▸ PROVIDED ENTRIES
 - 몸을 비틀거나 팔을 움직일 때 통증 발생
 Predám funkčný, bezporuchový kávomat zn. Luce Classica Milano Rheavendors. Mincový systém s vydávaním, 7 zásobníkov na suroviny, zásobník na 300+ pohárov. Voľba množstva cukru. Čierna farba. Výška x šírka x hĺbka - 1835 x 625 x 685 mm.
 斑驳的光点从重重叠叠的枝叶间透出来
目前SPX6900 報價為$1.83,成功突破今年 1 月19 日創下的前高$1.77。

--

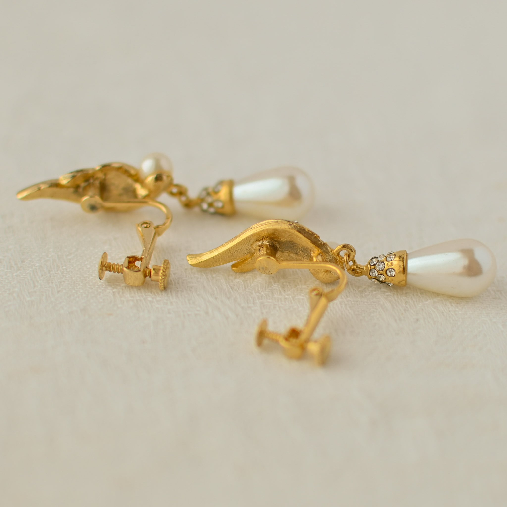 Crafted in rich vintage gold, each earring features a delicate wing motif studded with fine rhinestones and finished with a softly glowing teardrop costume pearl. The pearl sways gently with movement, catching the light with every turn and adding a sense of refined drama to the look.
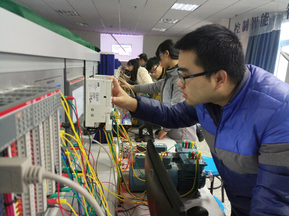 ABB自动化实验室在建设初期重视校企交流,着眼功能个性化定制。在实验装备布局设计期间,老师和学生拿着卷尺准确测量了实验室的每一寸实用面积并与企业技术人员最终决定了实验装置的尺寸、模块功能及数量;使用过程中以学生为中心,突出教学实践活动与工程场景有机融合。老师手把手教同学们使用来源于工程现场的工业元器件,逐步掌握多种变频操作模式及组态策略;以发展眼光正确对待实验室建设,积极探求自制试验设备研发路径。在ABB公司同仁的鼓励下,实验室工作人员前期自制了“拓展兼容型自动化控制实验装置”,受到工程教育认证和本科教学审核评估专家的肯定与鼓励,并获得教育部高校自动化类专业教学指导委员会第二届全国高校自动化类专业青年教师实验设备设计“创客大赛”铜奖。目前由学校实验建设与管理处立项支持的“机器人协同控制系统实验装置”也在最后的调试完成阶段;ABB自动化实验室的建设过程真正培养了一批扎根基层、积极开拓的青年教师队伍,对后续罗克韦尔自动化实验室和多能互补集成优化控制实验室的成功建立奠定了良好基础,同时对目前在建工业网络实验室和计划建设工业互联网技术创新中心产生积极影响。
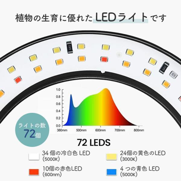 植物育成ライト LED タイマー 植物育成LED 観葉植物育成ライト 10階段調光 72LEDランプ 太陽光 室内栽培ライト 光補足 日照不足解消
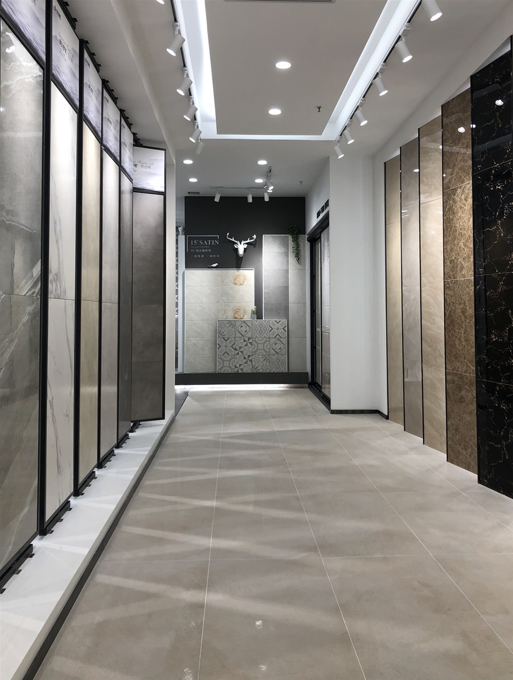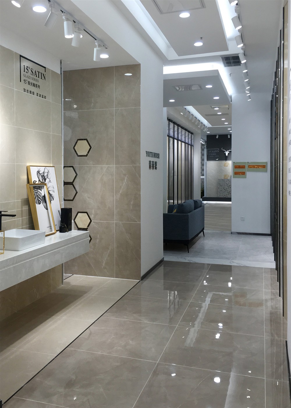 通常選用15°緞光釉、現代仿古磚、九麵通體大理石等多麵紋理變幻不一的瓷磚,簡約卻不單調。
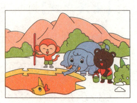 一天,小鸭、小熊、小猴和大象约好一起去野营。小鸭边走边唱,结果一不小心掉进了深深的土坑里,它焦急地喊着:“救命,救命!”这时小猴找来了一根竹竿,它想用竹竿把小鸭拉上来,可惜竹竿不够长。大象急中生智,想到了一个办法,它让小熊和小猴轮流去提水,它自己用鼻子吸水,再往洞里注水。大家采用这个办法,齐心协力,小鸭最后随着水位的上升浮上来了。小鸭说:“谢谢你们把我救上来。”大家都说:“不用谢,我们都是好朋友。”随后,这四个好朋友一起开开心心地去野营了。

* * *

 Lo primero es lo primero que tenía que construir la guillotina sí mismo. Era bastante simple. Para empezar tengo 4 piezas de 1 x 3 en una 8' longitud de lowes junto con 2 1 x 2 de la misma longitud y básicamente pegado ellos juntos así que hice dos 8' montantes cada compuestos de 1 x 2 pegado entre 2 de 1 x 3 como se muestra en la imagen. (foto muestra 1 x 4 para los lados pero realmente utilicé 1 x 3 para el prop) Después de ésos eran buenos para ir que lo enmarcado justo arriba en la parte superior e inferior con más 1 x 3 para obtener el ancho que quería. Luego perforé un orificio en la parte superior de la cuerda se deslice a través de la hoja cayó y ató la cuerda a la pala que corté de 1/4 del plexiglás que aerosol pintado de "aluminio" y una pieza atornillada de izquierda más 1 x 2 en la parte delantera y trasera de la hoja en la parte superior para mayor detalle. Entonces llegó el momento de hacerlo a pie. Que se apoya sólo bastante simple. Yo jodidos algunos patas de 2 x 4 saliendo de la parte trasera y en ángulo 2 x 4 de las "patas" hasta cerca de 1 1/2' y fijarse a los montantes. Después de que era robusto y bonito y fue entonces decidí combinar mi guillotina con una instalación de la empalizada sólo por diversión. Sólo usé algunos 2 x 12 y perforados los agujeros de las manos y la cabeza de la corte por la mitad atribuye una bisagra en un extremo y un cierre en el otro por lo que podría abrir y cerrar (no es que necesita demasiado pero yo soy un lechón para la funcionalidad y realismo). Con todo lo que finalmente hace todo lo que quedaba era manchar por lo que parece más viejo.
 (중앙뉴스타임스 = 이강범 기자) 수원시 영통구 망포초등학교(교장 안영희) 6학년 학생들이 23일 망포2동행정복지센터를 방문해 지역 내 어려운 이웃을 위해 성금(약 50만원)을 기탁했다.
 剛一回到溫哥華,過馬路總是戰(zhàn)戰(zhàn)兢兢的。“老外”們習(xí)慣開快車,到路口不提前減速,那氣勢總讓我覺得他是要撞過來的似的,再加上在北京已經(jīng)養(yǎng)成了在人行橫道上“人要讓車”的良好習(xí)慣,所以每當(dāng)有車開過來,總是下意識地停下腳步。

▸ DIRECTIONS
Within the material above, output exactly the lines from the one with "(중앙뉴스타임스 = 이강범" through the one with "剛一回到溫哥華,過馬路總是戰", end lines included, and nothing besides.

▸ COMPLETED EXERCISE
 (중앙뉴스타임스 = 이강범 기자) 수원시 영통구 망포초등학교(교장 안영희) 6학년 학생들이 23일 망포2동행정복지센터를 방문해 지역 내 어려운 이웃을 위해 성금(약 50만원)을 기탁했다.
 剛一回到溫哥華,過馬路總是戰(zhàn)戰(zhàn)兢兢的。“老外”們習(xí)慣開快車,到路口不提前減速,那氣勢總讓我覺得他是要撞過來的似的,再加上在北京已經(jīng)養(yǎng)成了在人行橫道上“人要讓車”的良好習(xí)慣,所以每當(dāng)有車開過來,總是下意識地停下腳步。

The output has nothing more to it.